Sermons

Summary: The Israelite arrive at the mountain - but still do not have a permanent change of how they live - they want to "touch the mountain." Concludes with invitation to turn life over to God

Exodus 19:3-6, 16-19

3 Then Moses went up to God; the Lord called to him from the mountain, saying, “Thus you shall say to the house of Jacob, and tell the Israelites: 4 You have seen what I did to the Egyptians, and how I bore you on eagles’ wings and brought you to myself. 5 Now therefore, if you obey my voice and keep my covenant, you shall be my treasured possession out of all the peoples. Indeed, the whole earth is mine, 6 but you shall be for me a priestly kingdom and a holy nation. These are the words that you shall speak to the Israelites.”

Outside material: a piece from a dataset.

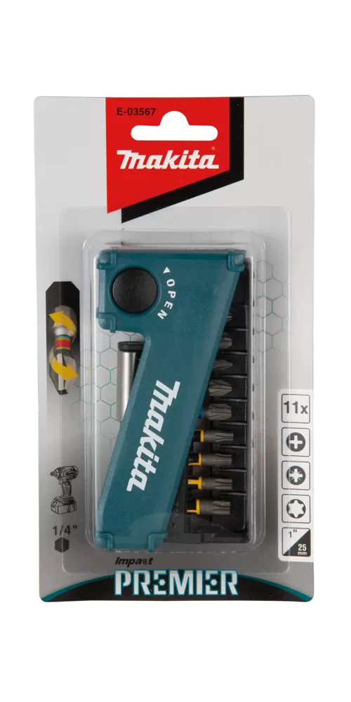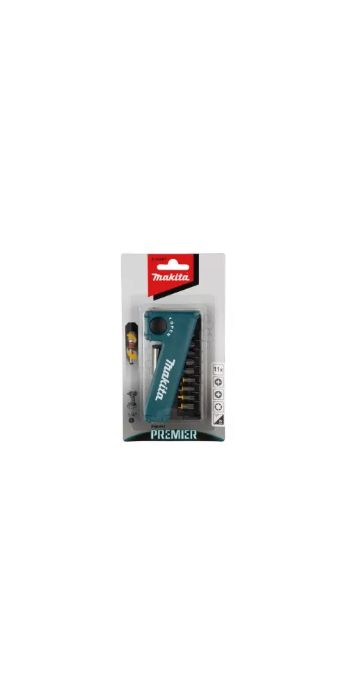 Sada obsahuje bity Premier PH1, PH2, PH3, PZ1, PZ2, PZ3, T15, T20, T25, T30 a držák bitů 50 mm.

16 On the morning of the third day there was thunder and lightning, as well as a thick cloud on the mountain, and a blast of a trumpet so loud that all the people who were in the camp trembled. 17 Moses brought the people out of the camp to meet God. They took their stand at the foot of the mountain. 18 Now Mount Sinai was wrapped in smoke, because the Lord had descended upon it in fire; the smoke went up like the smoke of a kiln, while the whole mountain shook violently. 19 As the blast of the trumpet grew louder and louder, Moses would speak and God would answer him in thunder.

When we began this study of Exodus, I mentioned the fact that Exodus was the Old Testament Parallel to Easter. Today, on Pentecost Sunday, we see the encounter between the Israelites and God – and if anything, it is even more dramatic.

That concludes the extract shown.